# MAN(The simple engine)



## A.D.FROST (Sep 1, 2008)

What/When was the last MAN powered ship? now that all MAN engines are B&W's(Read)


----------



## makko (Jul 20, 2006)

An extract from a report by me which sets the time scale. As an aside, as far as I am aware, there are only three of these engines (two in Japan and one in Mexico) in a static electrical generation role.......

In 1980, following the purchase of Burmeister and Wain by MAN, all slow speed engine production was moved to Copenhagen and the ensuing combined research and design efforts culminated in the release of the MC series engine in 1982, featuring uniflow scavenging, a characteristic of B&W engines as opposed to the traditional cross flow employed in MAN engines. The engine range covers from 4 to 14 cylinders in 11 bore sizes from 260 to 1080 mm, compression ratios from 2.44 to 4.2:1 and engine speeds of 56 to 250 r.p.m. The engines are fully compliant with IMO requirements for NoX emissions.

Unit 1 comprises a MAN B&W 10K90MC, two-stroke, single acting, slow speed diesel engine operating at 132 r.p.m. which is directly coupled to an Alstom generator with a maximum output capacity of 38.24MW at 13.8kV. 

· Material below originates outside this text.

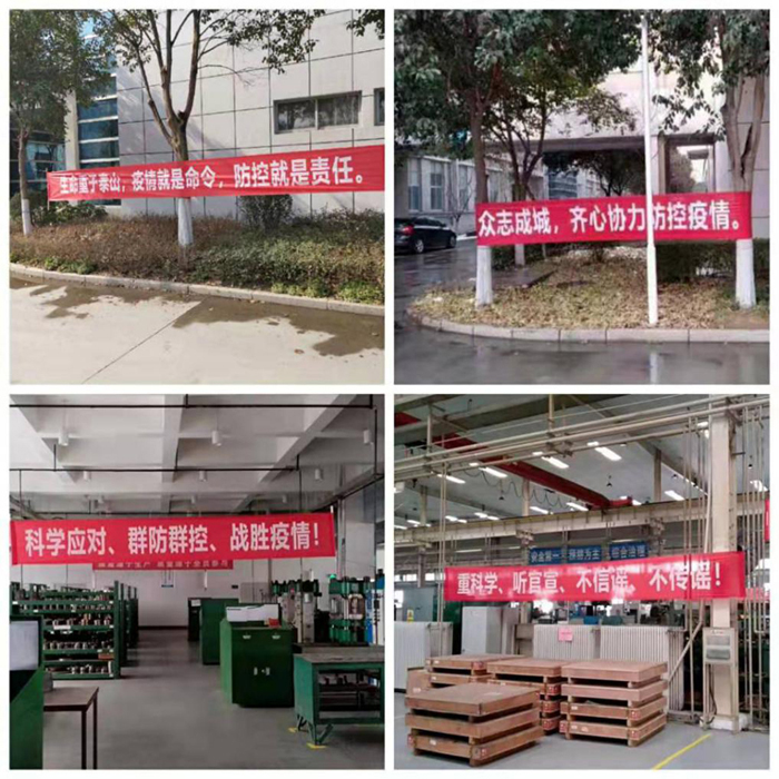 山東威達(dá)機(jī)械股份有限公司2月10日所有車間全部復(fù)工。在公司的統(tǒng)籌部署下,堅(jiān)持早準(zhǔn)備、定規(guī)范、強(qiáng)示范、勇?lián)?dāng),防控生產(chǎn)兩手抓,取得了良好的成效。鄭州三磨所早在1月28日就成立了疫情防控領(lǐng)導(dǎo)小組,制定了《新型冠狀病毒感染的肺炎疫情防控工作預(yù)案》,建立了公司黨委書記負(fù)總責(zé)的疫情防控工作機(jī)制,明確目標(biāo)任務(wù),細(xì)化具體措施,落實(shí)人員責(zé)任,構(gòu)筑起嚴(yán)防嚴(yán)控、聯(lián)防聯(lián)控、群防群控的緊密防線。

The engine was manufactured under license by Manises in Valencia, Spain and features ten cylinders of 900mm bore, arranged in a fore and aft bank of five cylinders each, with the fuel pump camshaft drive chains located in the middle of the engine. The K designation indicates a short piston stroke. Fuel delivery in the MC engine is variable depending on engine speed and power requirements. At the time of the event under consideration, the engine had accrued 41,405 operating hours, having entered commercial service on 28th July 2005. 

So, I would say that the last full MAN engine was produced around 1982.

Rgds.
Dave


----------